Author: Yossi Klein Halevi
Publication: The New York Times
Date: September 7, 2002
On this Rosh Hashana, a time of
self-examination, I confess that my capacity as an Israeli for self-criticism
has been exhausted. The terrorist war that began around Rosh Hashana two
years ago and provoked official campaigns of Jew-hatred throughout the
Arab world has convinced Israelis like me who are ready to make far-reaching
compromises for peace that there will be no acceptance of a Jewish state
in the Middle East no matter how much territory we concede.
Once I was prepared to reach different
conclusions. During the first intifada that began in the late 1980's, I
served as a reservist in Gaza's refugee camps. For one month a year I became
an occupier, entering family bedrooms in the middle of the night to arrest
suspects for crimes ranging from terrorism to failure to pay taxes.
That experience taught me that both
sides share ample rights and wrongs. I was hardly alone. The first intifada
reduced to a minority those hardliners who believed that only the Jewish
people had legitimate claims to the land. The majority of us learned to
accommodate a competing narrative. We neutralized our attachment to the
biblical territories and accepted the inevitability of uprooting most of
the West Bank settlements. We offered to share our most precious possession,
Jerusalem, with our bitter enemy, Yasir Arafat.
For me, that process of examination
meant undertaking a journey into Islam and Christianity. As a religious
Jew, I went on pilgrimages to mosques and holy places, seeking to experience
something of the devotional life of my neighbors. I joined the Muslim prayer
line and learned the power of its choreographed surrender. I prayed in
a refugee camp that I had once patrolled as a soldier.
In turn, I sought from Palestinians
an acknowledgement that I wasn't a crusader or a colonialist but an exiled
son returning home. I waited for Palestinian leaders to tell their people
what the late Yitzhak Rabin told us: that we must withdraw from our exclusive
claim to the land. Those words never came.
Few Palestinians seem prepared even
now to examine their own share of responsibility for the conflict. Instead,
most remain barricaded in a self- righteous understanding of history, apportioning
all innocence to themselves and all blame to us. Perhaps their inability
to acknowledge the historical complexity of this conflict is understandable:
The Palestinians, after all, were its losers. Yet that failure led them
to commit their greatest blunder in a history of missed opportunities.
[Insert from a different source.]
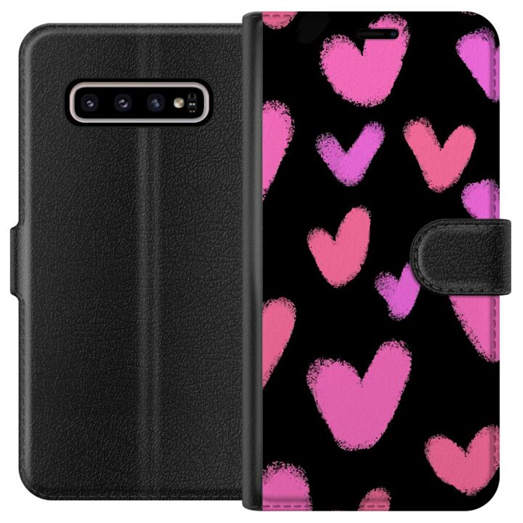 Samsung Galaxy S10+ Sort Lommebokdeksel Hjärtan Stora

By declaring war two years ago against an Israeli government that was as
far left as any in history, they turned Israelis like me from supporters
of Ehud Barak into supporters of Ariel Sharon.
What the first intifada was for
Israelis, this intifada should be for Palestinians: a precious moment of
self-examination. The Oslo process failed because of an asymmetry of self-criticism:
Only one side came to the realization that this is a conflict between two
legitimate national movements. The time has come for Palestinians to partition
their sense of historical justice. They need to admit that much of their
suffering, especially now, has been self-inflicted. And they need to confront
the repeated moral failures of their leaders, from supporting Nazi Germany
to backing Saddam Hussein.
Yet so far, there are few signs
of moral unease. An ad placed earlier this summer by Palestinian intellectuals
urging an end to suicide bombings because they are ineffective isn't good
enough. Few Palestinians have challenged the historical revisionism now
increasingly prevalent in Arab culture that denies the ancient roots of
Jews in this land, the existence of the gas chambers and even Arab involvement
in the Sept. 11 attacks.
In my journey into Palestinian Islam,
I encountered the profound Muslim ability to live daily life with a constant
awareness of mortality - an awareness that can create humility, a prerequisite
for reconciliation between enemies. Peace will come only through mutual
introspection and atonement. Many Israelis went far in trying to understand
Palestinian claims and grievances. To resume that necessary process among
Israelis now requires a self-critical moral dialogue among Palestinians.
Yossi Klein Halevi, Israel correspondent
of The New Republic, is the author of "At the Entrance to the Garden of
Eden: A Jew's Search for Hope with Christians and Muslims in the Holy Land."